King and other social reformers can be seen as wishing to eliminate and thus in a sense “untie” the racial component from labor market exchanges through a campaign of education and persuasion. Their approach to tied-sales may depart from the neutral stance that economists try to adopt concerning people’s preferences, but King had the right idea. Changing preferences is one of several ways to overcome the matching problem in markets with tied-sales. King’s vision can be seen as a sort of psychological technology which eliminates counter-productive criteria for matching, thereby making exchanges easier to conclude.

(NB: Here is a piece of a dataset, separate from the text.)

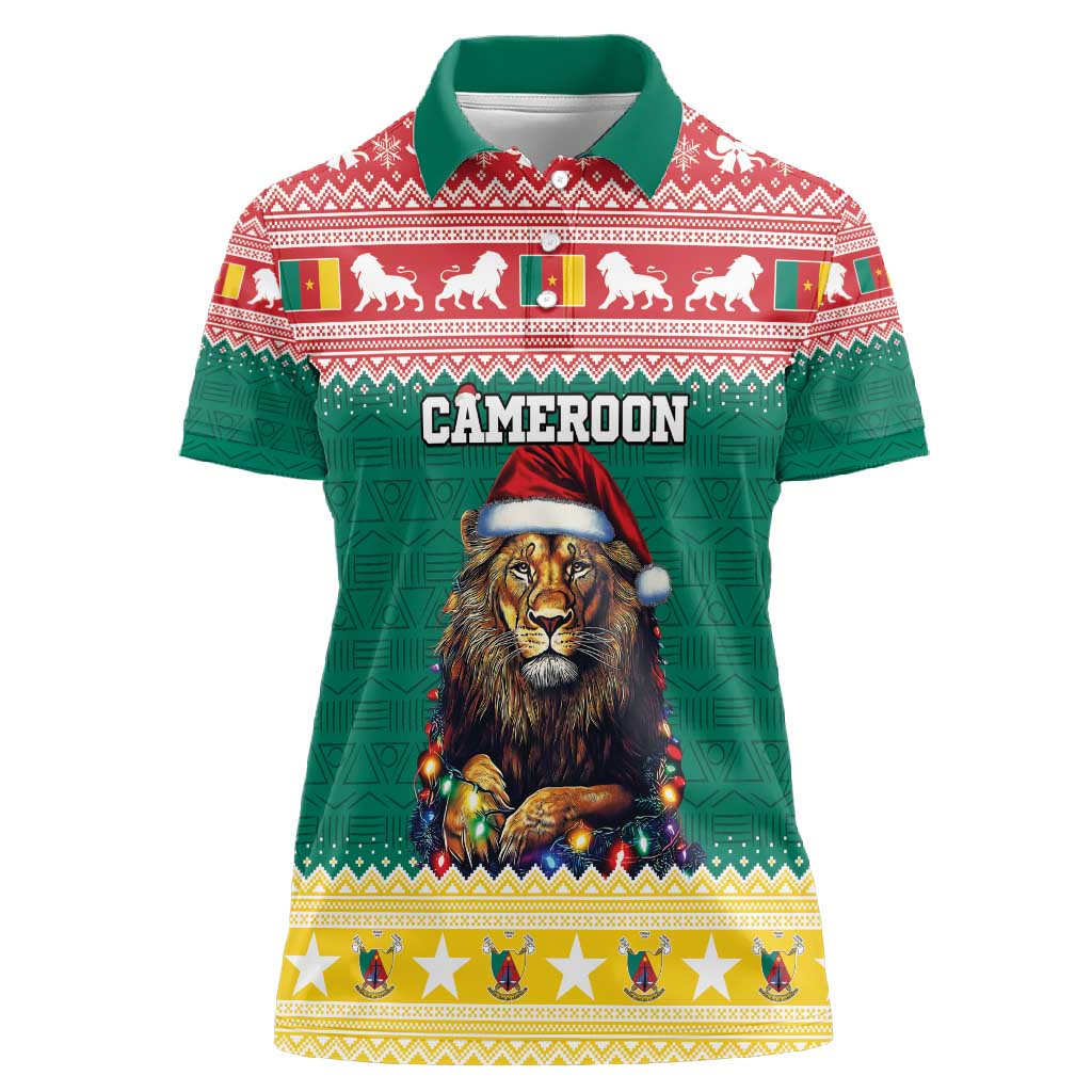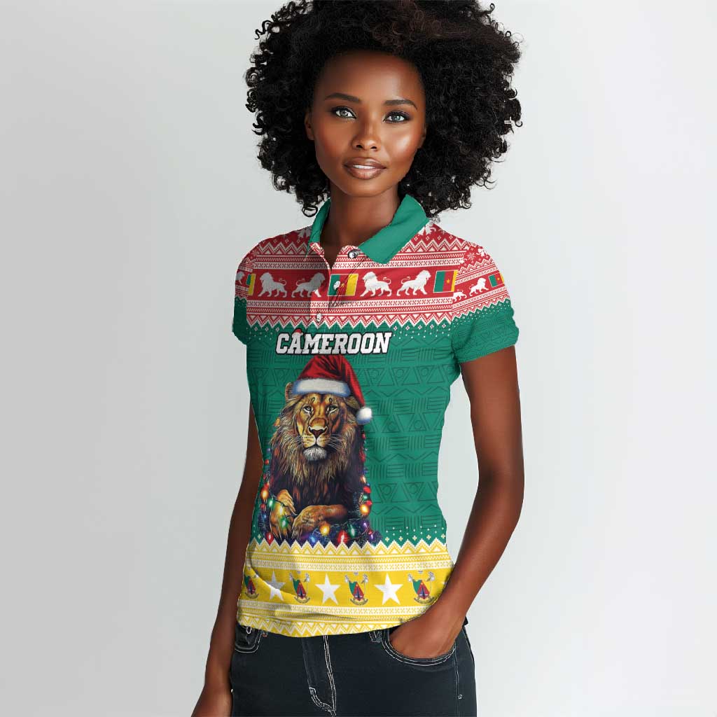 Cameroon Christmas Women Polo Shirt Lion African Santa

A complementary approach is to physically untie criteria from the match. This does not mean altering preferences but rather coming up with some means of physically separating elements in the tied-sale from each other. This is clearly difficult if you have a taste for hiring a particular racial group. But it is feasible in the case of a parent wishing to work at a business that has a daycare. If daycare can be subcontracted to a separate business economically and thus removed from the employment contract it no longer becomes a factor that might thwart a match between employers and employee.